> _Instructions for the task_:
Nothing but the pictures should be dropped; repeat the rest of the data below exactly.

> _Data below_:
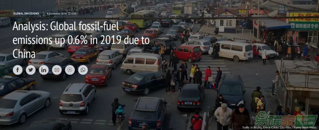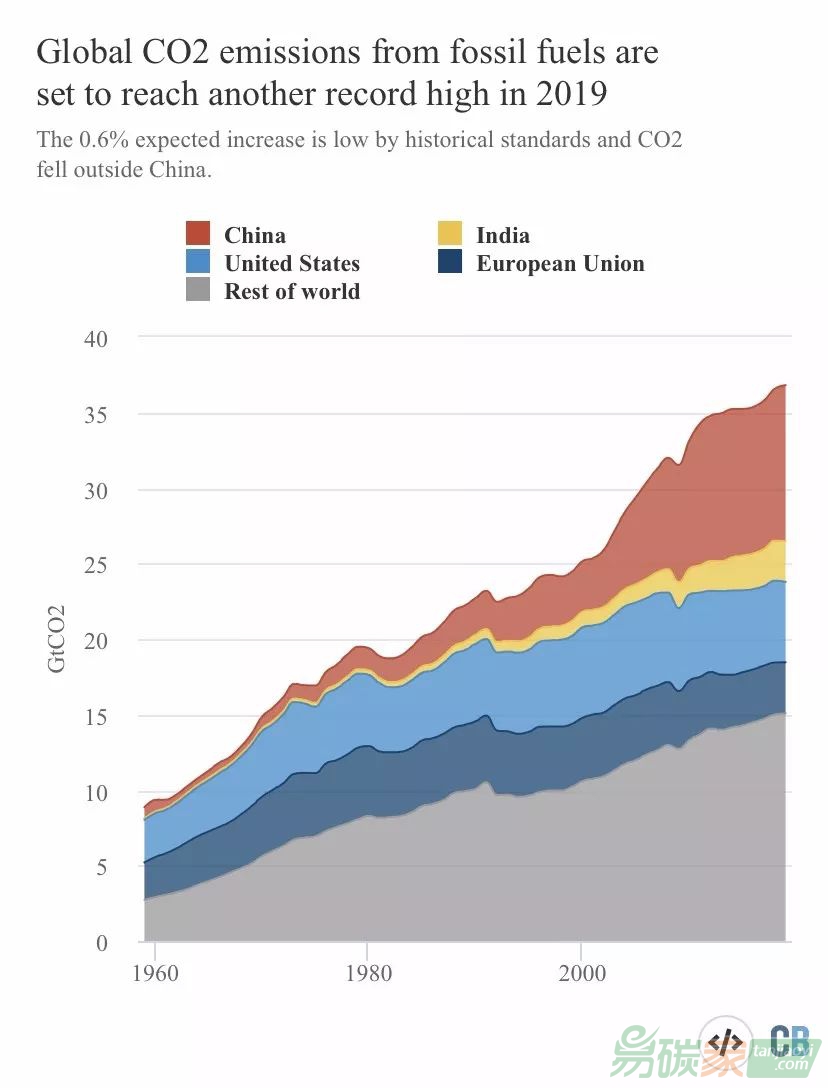 根據(jù)Global Carbon Program(GCP)的最新估計(jì),2019年全球化石燃料和工業(yè)(FF&I)的排放量將達(dá)到368.1億噸二氧化碳,僅比2018年的水平僅增加2.4億噸(+0.6%) 。而2019年全球排放量的增長(zhǎng)基本完全來(lái)自于中國(guó),中國(guó)的二氧化
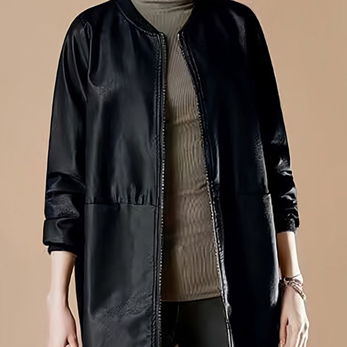 TEMU 여성 봄가을 자켓 루즈핏 하프기장 스타일리쉬하게 매치하기 좋은 소프트 빅포켓 솔리드 디자인 캐주얼 통근 야구복 코트 SLIM GIRL 슬림소녀
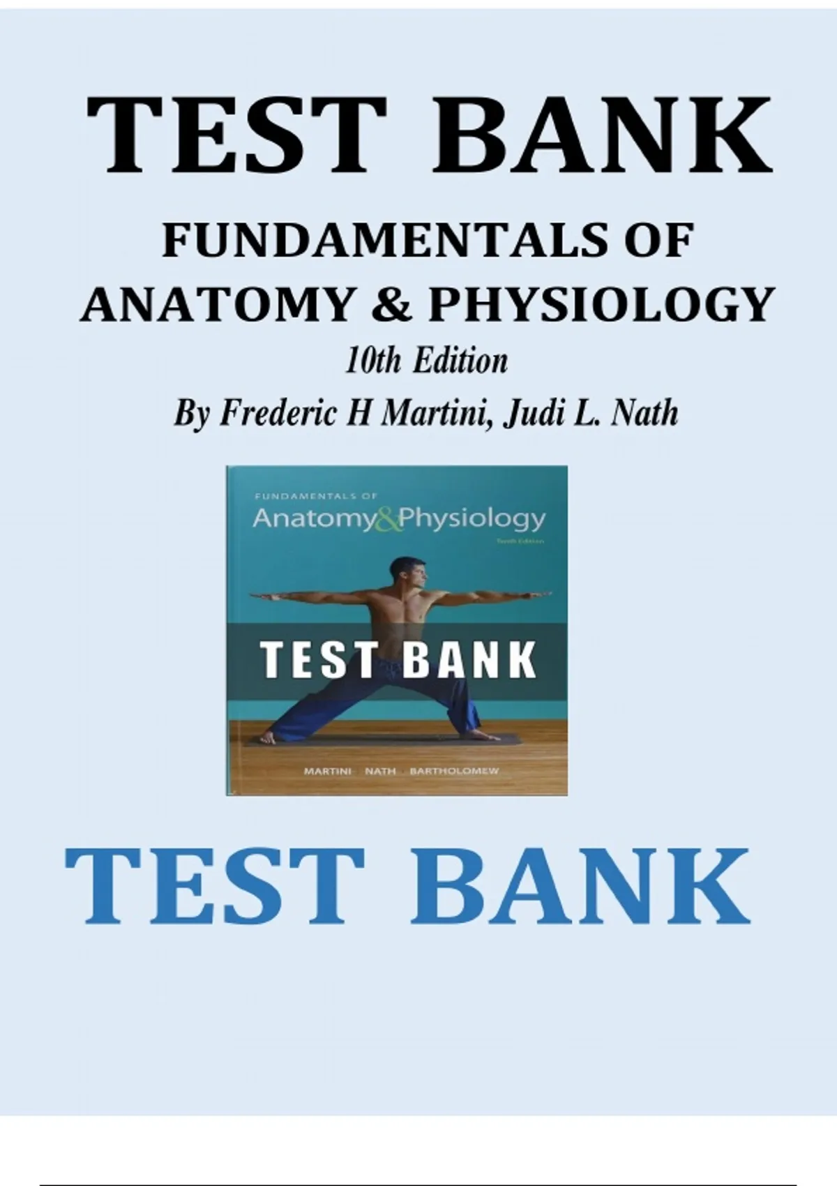 Access the complete Test Bank for Fundamentals of Anatomy and Physiology, 10th Edition by Frederic H. Martini. Includes detailed chapter-by-chapter multiple-choice, true/false, and short-answer questions with verified answers—ideal for nursing, health science, and pre-med students preparing for exams and quizzes.

> _Written answer_:
 根據(jù)Global Carbon Program(GCP)的最新估計(jì),2019年全球化石燃料和工業(yè)(FF&I)的排放量將達(dá)到368.1億噸二氧化碳,僅比2018年的水平僅增加2.4億噸(+0.6%) 。而2019年全球排放量的增長(zhǎng)基本完全來(lái)自于中國(guó),中國(guó)的二氧化
 TEMU 여성 봄가을 자켓 루즈핏 하프기장 스타일리쉬하게 매치하기 좋은 소프트 빅포켓 솔리드 디자인 캐주얼 통근 야구복 코트 SLIM GIRL 슬림소녀
 Access the complete Test Bank for Fundamentals of Anatomy and Physiology, 10th Edition by Frederic H. Martini. Includes detailed chapter-by-chapter multiple-choice, true/false, and short-answer questions with verified answers—ideal for nursing, health science, and pre-med students preparing for exams and quizzes.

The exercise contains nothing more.